The Swiss National Bank (SNB) will establish a fund to take on as much $60 billion of UBS' risky assets. The central bank will also provide UBS with a cash injection of $5.2 billion (6 billion Swiss francs). The bank already has secured $27 billion in capital from private investors this year.
The SNB will support the new fund with as much as $54 billion in loans that will yield interest of 2.5 percentage points above the one-month London Interbank Offered Rate (LIBOR). For its $5.2 billion cash infusion, the SNB will receive bonds convertible into a non-voting 9.3% equity stake.
"This operation is highly unusual, both with regard to its scope and the reasons for it," Jean-Pierre Roth, president of the Swiss National Bank, said in a statement. "In carrying it out, we are making a contribution to an essential element of the Swiss financial system at a time when financial markets have been in turmoil for some months now."
UBS has declared $44.2 billion in credit losses and write-downs since the start of last year, more than any other bank in Europe, according to Bloomberg News.
The government rescue will leave UBS with "essentially zero" risk related to subprime or other mortgage-backed securities.
In addition to the bailout, the SNB said it would increase protection for depositors from the current level of $22,400 (30,000 Swiss francs).
Credit Suisse, which declined government assistance, said it was raising $8.75 billion in fresh capital from Qatar Holding LLC, Koor Industries Ltd., and Olayan Investments Co. of Athens – all of which are already existing shareholders.
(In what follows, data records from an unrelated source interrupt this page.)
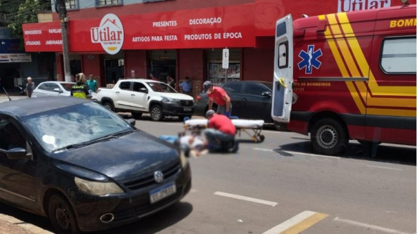 Carro provoca queda de motociclista e foge sem prestar socorro no centro de Tupã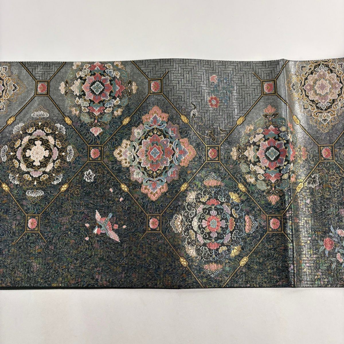 【美品】 袋帯 秀品 花喰い鳥 花唐草 箔 金彩 灰色 お太鼓柄 正絹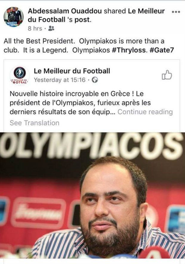 Στον λογαριασμό που διατηρεί στο Facebook, ο 39χρονος πλέον Ουαντού “ανέβασε” ένα γαλλικό δημοσίευμα που αναφερόταν στα μέτρα Μαρινάκη για να… μαζευτεί η κατάσταση στου Ρέντη, όπως το πρόστιμο των 400.000 ευρώ.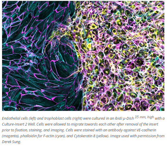 Endothelial cells cultured in a μ-Dish 35 mm, high with a Culture-Insert 2 Well. Image by Derek Sung, University of Pennsylvania School of Medicine, USA.

The size of each stake was not made clear, but Chief Executive Officer Brady Dougan said his bank didn't solicit investment from "many more than these three."
"Our view is that in these markets being in a position of unquestioned capital strength will be paramount," Dougan said. "We didn't have to raise this capital. This is our view of how to manage the business conservatively."
Both UBS and Credit Suisse offered glimpses of their third-quarter results. UBS said it earned a profit of $261 million (296 million Swiss francs), but disclosed that private depositors withdrew $43.5 billion (49.3 billion Swiss francs). Credit Suisse posted a third-quarter loss of $1.12 billion (1.3 billion Swiss francs), largely the result of write-downs in its investment-banking unit.